## RECORD EXTRACTS
-----

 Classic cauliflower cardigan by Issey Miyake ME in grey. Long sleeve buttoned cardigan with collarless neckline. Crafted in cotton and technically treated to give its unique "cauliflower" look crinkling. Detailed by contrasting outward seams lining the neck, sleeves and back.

-----

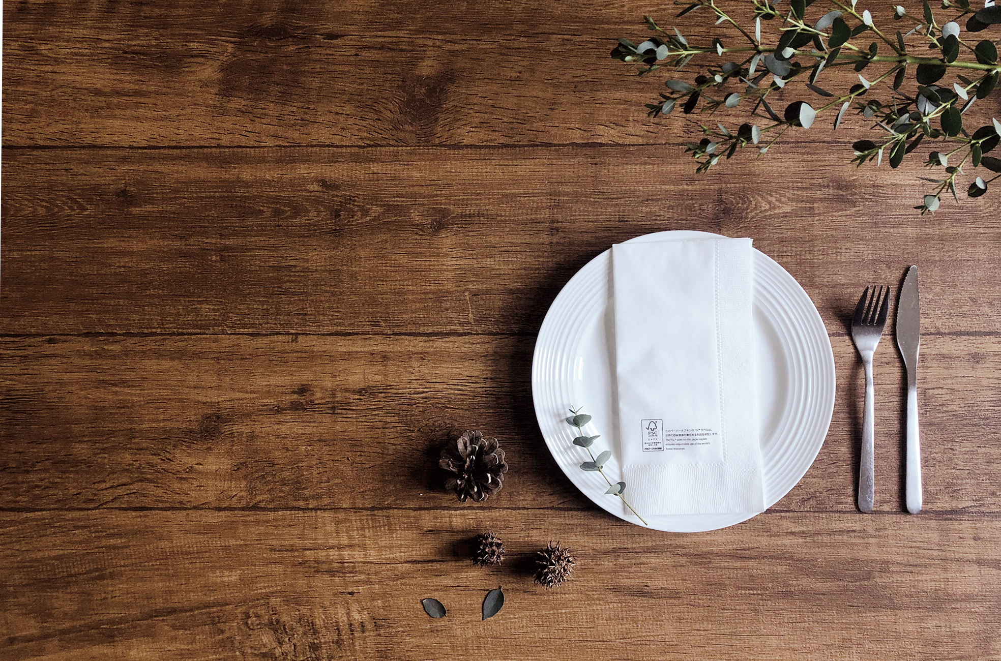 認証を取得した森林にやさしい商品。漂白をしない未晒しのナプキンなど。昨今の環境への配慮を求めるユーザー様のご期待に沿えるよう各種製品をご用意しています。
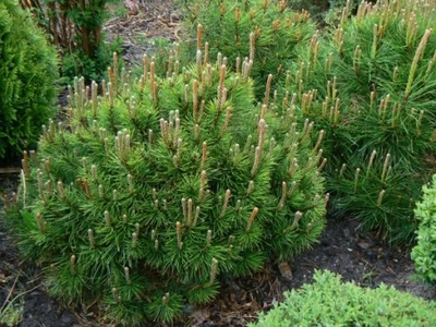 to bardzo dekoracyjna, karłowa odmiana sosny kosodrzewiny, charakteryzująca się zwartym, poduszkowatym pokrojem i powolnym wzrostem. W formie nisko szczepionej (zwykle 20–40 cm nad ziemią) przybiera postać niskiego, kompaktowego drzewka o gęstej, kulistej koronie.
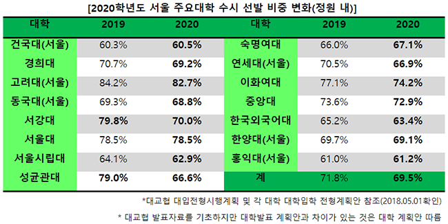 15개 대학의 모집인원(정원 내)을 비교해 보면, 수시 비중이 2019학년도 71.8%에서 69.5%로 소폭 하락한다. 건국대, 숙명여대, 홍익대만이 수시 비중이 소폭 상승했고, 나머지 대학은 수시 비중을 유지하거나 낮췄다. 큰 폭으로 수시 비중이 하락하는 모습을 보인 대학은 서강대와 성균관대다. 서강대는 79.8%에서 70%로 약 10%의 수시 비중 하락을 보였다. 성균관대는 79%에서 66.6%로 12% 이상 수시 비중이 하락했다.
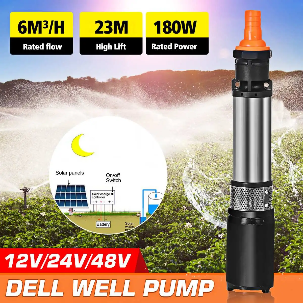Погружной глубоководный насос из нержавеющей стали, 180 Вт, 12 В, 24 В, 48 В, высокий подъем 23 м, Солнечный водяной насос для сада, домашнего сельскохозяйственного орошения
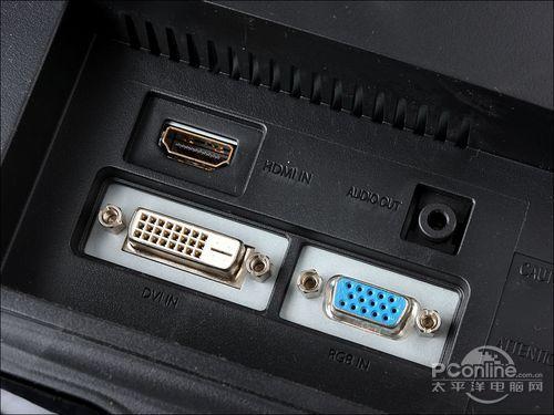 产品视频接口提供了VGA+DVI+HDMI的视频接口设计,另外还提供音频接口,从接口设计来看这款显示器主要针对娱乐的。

-----

## EXERCISE DIRECTIONS
Would you output the lines above from the line holding "Погружной глубоководный насос" up to and including the line holding "产品视频接口提供了VGA+D", exactly and only those, with no pictures?

## ANSWER BELOW
Погружной глубоководный насос из нержавеющей стали, 180 Вт, 12 В, 24 В, 48 В, высокий подъем 23 м, Солнечный водяной насос для сада, домашнего сельскохозяйственного орошения
 产品视频接口提供了VGA+DVI+HDMI的视频接口设计,另外还提供音频接口,从接口设计来看这款显示器主要针对娱乐的。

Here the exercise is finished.